The baby Jesus was nice.  “The little Lord Jesus, no crying he made.”  It didn’t seem like he did other normal things real babies do – like poop and pee and . . . projectile vomit. 

Church, Christmas, and Jesus were not like the real world at all.  As I got older and more aware that the world is often not very nice, that dirt and disappointment and death are a part of life, the church – and especially the nice Christmas story – didn’t seem to have lots of relevance to reality.

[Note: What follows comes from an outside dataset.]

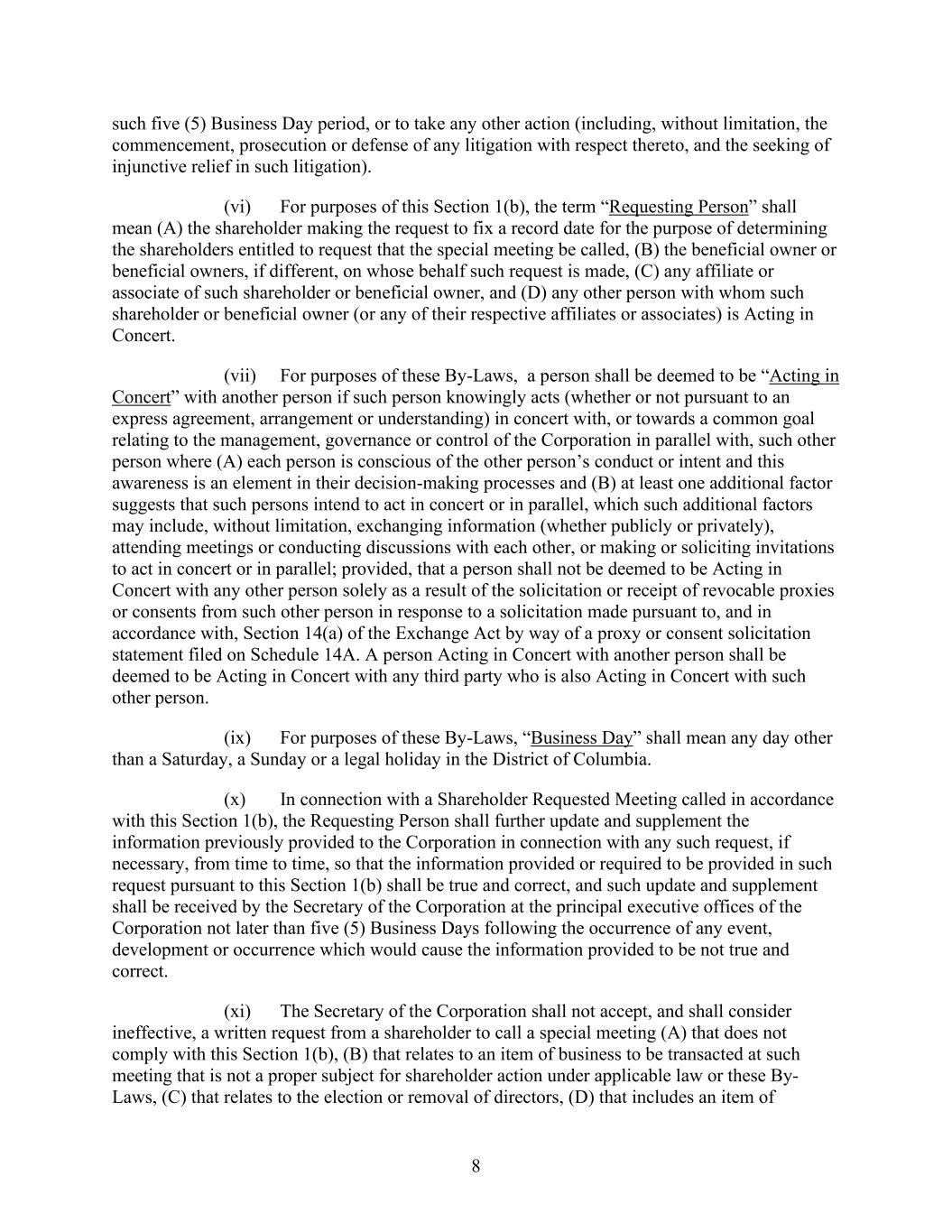 8 such five (5) Business Day period, or to take any other action (including, without limitation, the commencement, prosecution or defense of any litigation with respect thereto, and the seeking of injunctive relief in such litigation). (vi) For purposes of this Section 1(b), the term “Requesting Person” shall mean (A) the shareholder making the request to fix a record date for the purpose of determining the shareholders entitled to request that the special meeting be called, (B) the beneficial owner or beneficial owners, if different, on whose behalf such request is made, (C) any affiliate or associate of such shareholder or beneficial owner, and (D) any other person with whom such shareholder or beneficial owner (or any of their respective affiliates or associates) is Acting in Concert. (vii) For purposes of these By-Laws, a person shall be deemed to be “Acting in Concert” with another person if such person knowingly acts (whether or not pursuant to an express agreement, arrangement or understanding) in concert with, or towards a common goal relating to the management, governance or control of the Corporation in parallel with, such other person where (A) each person is conscious of the other person’s conduct or intent and this awareness is an element in their decision-making processes and (B) at least one additional factor suggests that such persons intend to act in concert or in parallel, which such additional factors may include, without limitation, exchanging information (whether publicly or privately), attending meetings or conducting discussions with each other, or making or soliciting invitations to act in concert or in parallel; provided, that a person shall not be deemed to be Acting in Concert with any other person solely as a result of the solicitation or receipt of revocable proxies or consents from such other person in response to a solicitation made pursuant to, and in accordance with, Section 14(a) of the Exchange Act by way of a proxy or consent solicitation statement filed on Schedule 14A. A person Acting in Concert with another person shall be deemed to be Acting in Concert with any third party who is also Acting in Concert with such other person. (ix) For purposes of these By-Laws, “Business Day” shall mean any day other than a Saturday, a Sunday or a legal holiday in the District of Columbia. (x) In connection with a Shareholder Requested Meeting called in accordance with this Section 1(b), the Requesting Person shall further update and supplement the information previously provided to the Corporation in connection with any such request, if necessary, from time to time, so that the information provided or required to be provided in such request pursuant to this Section 1(b) shall be true and correct, and such update and supplement shall be received by the Secretary of the Corporation at the principal executive offices of the Corporation not later than five (5) Business Days following the occurrence of any event, development or occurrence which would cause the information provided to be not true and correct. (xi) The Secretary of the Corporation shall not accept, and shall consider ineffective, a written request from a shareholder to call a special meeting (A) that does not comply with this Section 1(b), (B) that relates to an item of business to be transacted at such meeting that is not a proper subject for shareholder action under applicable law or these By- Laws, (C) that relates to the election or removal of directors, (D) that includes an item of

When I was 25, my dad died and I made what I thought was my final break with the church and with God.  I can remember going to the midnight Christmas Eve service that year to make my mom happy, but I sat there sneering through the celebration of something that seemed to have nothing to do with my father’s suffering during his long illness and his much-too-young death.

It’s possible to be in church on Christmas Eve and to be surrounded by nice and feel like you’re the only one struggling with the whole thing because of what’s going on in your life or what’s going on in the world.  It’s easy to feel like everyone else seems to have no trouble feeling the joy – and probably had all their Christmas shopping done by Thanksgiving.

If you’re feeling like that this evening, then I want to assure you that you’re not the only one. I know there are others here experiencing life challenges and doubts.  

And I want to apologize to you on behalf of the church. We’ve made the reality of Christmas into a slick sentimental story.  We’ve made it about petty annoyances like whether the clerk at Wal Mart says “Merry Christmas” or “Happy Holidays.”  We’ve managed to make Christmas both sentimental and small.

But Christmas – that first Christmas in Bethlehem 2000 years ago – was neither sentimental nor small.  It was nothing less than God breaking into human history.  God became one of us . . . it’s about INCARNATION, which literally means God became meat . . . flesh.

That first Christmas was not about warm feelings by the Christmas tree or finding just the right gift or Christmas card platitudes.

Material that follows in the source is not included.